Supply chain security is hard, and once you add upstream and direct compromises into the mix, almost every Web3 company is susceptible to attacks causing loss of funds. I could go on and list CI/CD holes in most Web3 companies in the event of developer or developer token compromise.

There are some good examples of Web3 companies that care about CI/CD and supply chain security and invest resources to improve it. Metamask’s GitHub Actions configurations are a good example.

Use GitHub Deployment Environments and a Dedicated Release Role

GitHub supports deployment environments, which allow maintainers to add additional controls such as which branches can deploy to it and even add bake times. Maintainers can also save secrets to deployment environments, so any user with write access to the repository cannot use a tool like Gato-X to quickly dump all of the secrets.

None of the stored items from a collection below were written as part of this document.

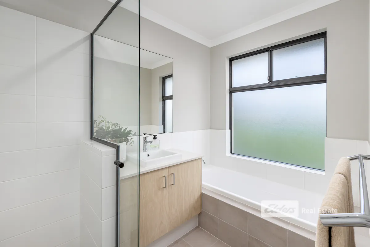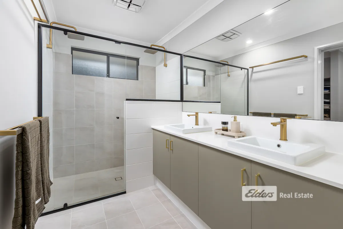 The master suite is well considered, complete with an ensuite featuring dual shower heads and separate taps for added convenience. The main bathroom is equally functional, offering a separate bath and shower. A generous laundry provides excellent storage and direct outdoor access.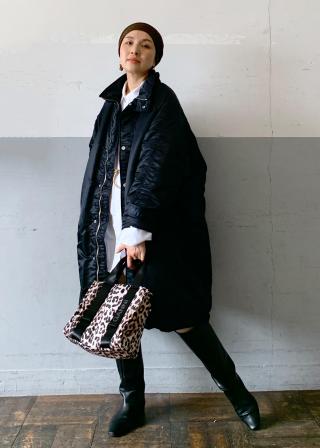 チュニック丈のトップスに、サイクリングパンツ×ロングブーツでアクティブな印象に仕上げるのが、今季一番のおすすめ。スラックスパンツデニムなどに合わせたり、ワンピースの羽織りとしてもぜひ。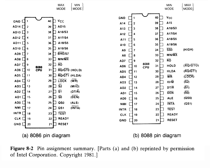 | 2-16 | AD14-AD0 | I/O-3 | Outputs address during the first part of the bus cycle and inputs or outputs data during the remaining part of the bus cycle. (On 8088, AD15-AD8 are A15-A8 and are only for outputting address bits.) |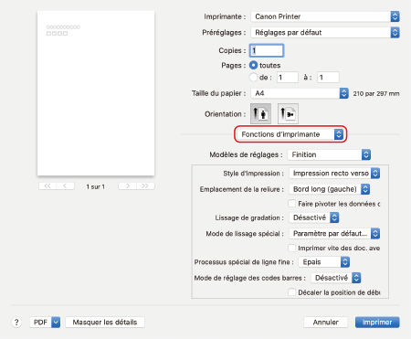 Dans le menu contextuel des options d'impression, sélectionnez [Fonctions d’imprimante].
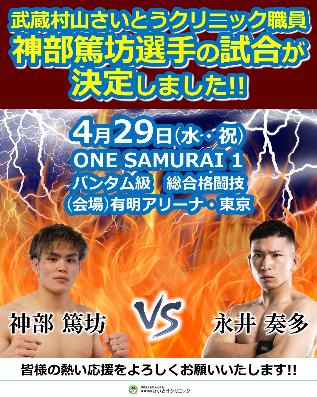 武蔵村山さいとうクリニック職員の神部篤坊選手の試合が決定いたしました!

Similarly, AWS supports specifying a specific deployment environment in a repository for OIDC trust permissions. If other workflows in a repository try to assume a role that requires a deployment environment, then it will not work.

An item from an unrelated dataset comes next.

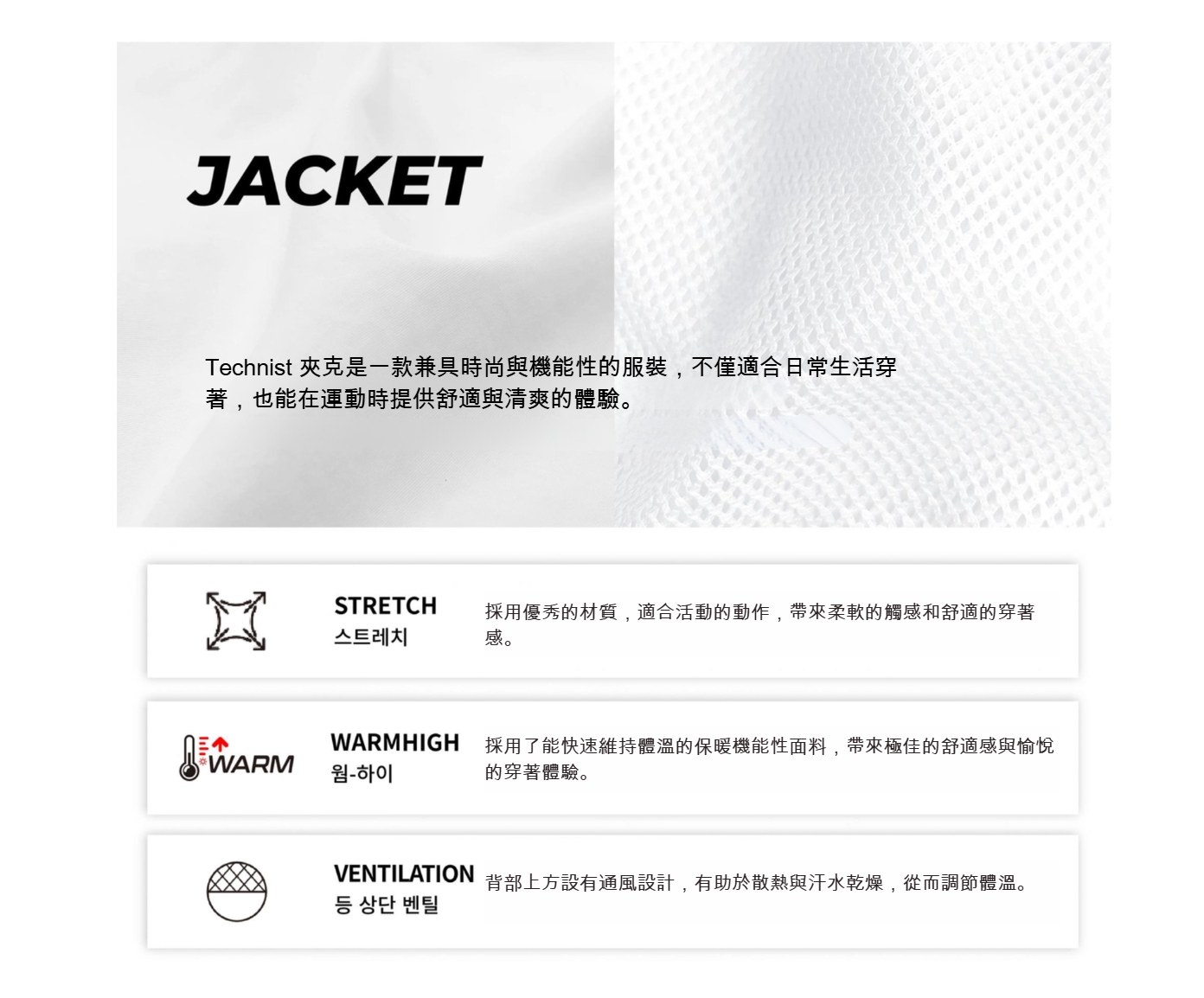 物料 : - Outer Fabric: Polyester 94.6% + Spandex 5.4%

Using a dedicated role that only has access to the production staging bucket, and then using a deployment environment with 2PR required will prevent a single developer compromise from impacting the production release process.

Deploy from Attested Build

Safe should split its release workflow into two. The first one should build and sign an artifact with attestation. The second should download the signed artifact, verify that it matches the provenance, and then deploy artifacts from it without building any new code.

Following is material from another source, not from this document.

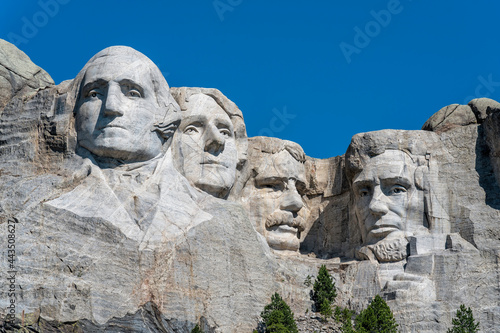Mount Rushmore close up view, presidents sculpture in South Dakota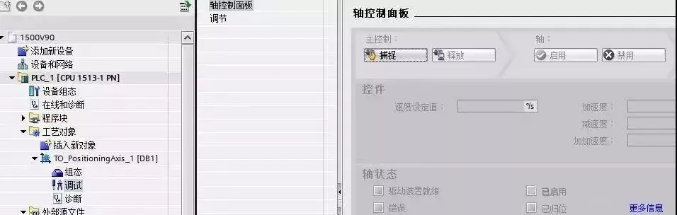 至此 S7-1500 与 V90 的组态配置与接线都已经初步完成,可以打开工艺对象的调试界面进行调试,然后就可以编写控制程序了。具体内容可参考帮助文档,这里不再详述。

This reduces risks associated with performing the build (which could include installing dependencies) in the same workflow job with access to production release credentials.

Eliminate Cache Consumption in Releases

GitHub actions caches are intended to speed up builds for testing. Using them in production builds reduces integrity because they risk introducing new code into the build that is not reflected in source code.

Safe could update workflows and reusable actions in their repository to disable consumption of the actions cache if the build is a production release.